◆ What the exercise asks ◆
Your output consists solely of the lines from the one that contains "حال رئیس جدید" to the end of the material, each reproduced exactly; pictures do not belong in it.

◆ Data below ◆
------------------------------------------------
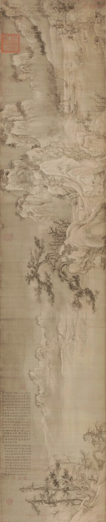 S:是的。前段时间故宫博物院“千古风流人物—苏东坡主题书画特展”上,又见到苏轼好友、驸马都尉王诜的《渔村小雪图》。展厅中画作不多,细观此图让人感到一种小确幸,回味悠长至今。私以为王诜是文人中真正会画的,此图咫尺千里,精谨而不失苍劲,融合了李成的“蟹爪枝”,郭熙的卷云皴、刮铁皴,李思训、李昭道的金粉勾勒之法,画面仿佛有着初雪的浮光,微妙又灵动,弘阔又超逸,清朗又秀润。
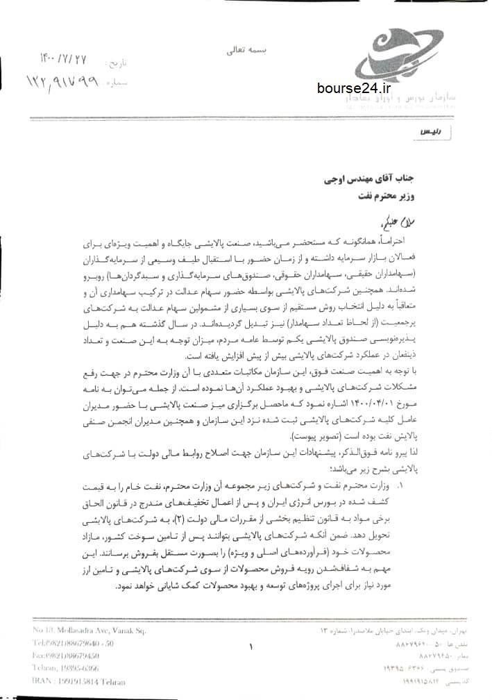 حال رئیس جدید سازمان بورس و اوراق بهادار در نامه ای که با اهمیت ارزیابی می شود ضمن تاکید بر اهمیت شفاف شدن روابط مالی دولت با پالایشگاه ها دو پیشنهاد راهگشا برای پایان سردرگمی سهامداران مطرح کرده است.
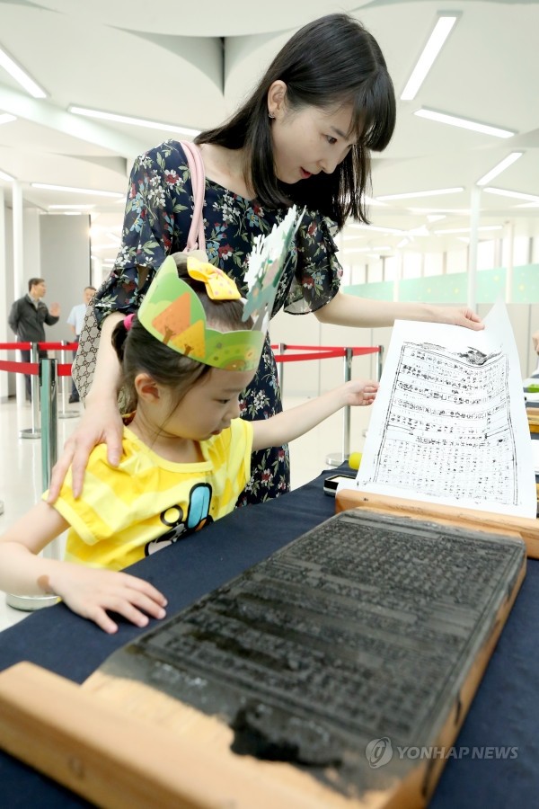 15일 서울 용산구 국립한글박물관에서 열린 제621돌 세종대왕 탄신일 기념 '세종, 함께 걷다' 문화행사를 찾은 어린이들이 훈민정음 목판인쇄 체험을 하고 있다.
------------------------------------------------
◆ Your solution ◆
 حال رئیس جدید سازمان بورس و اوراق بهادار در نامه ای که با اهمیت ارزیابی می شود ضمن تاکید بر اهمیت شفاف شدن روابط مالی دولت با پالایشگاه ها دو پیشنهاد راهگشا برای پایان سردرگمی سهامداران مطرح کرده است.
 15일 서울 용산구 국립한글박물관에서 열린 제621돌 세종대왕 탄신일 기념 '세종, 함께 걷다' 문화행사를 찾은 어린이들이 훈민정음 목판인쇄 체험을 하고 있다.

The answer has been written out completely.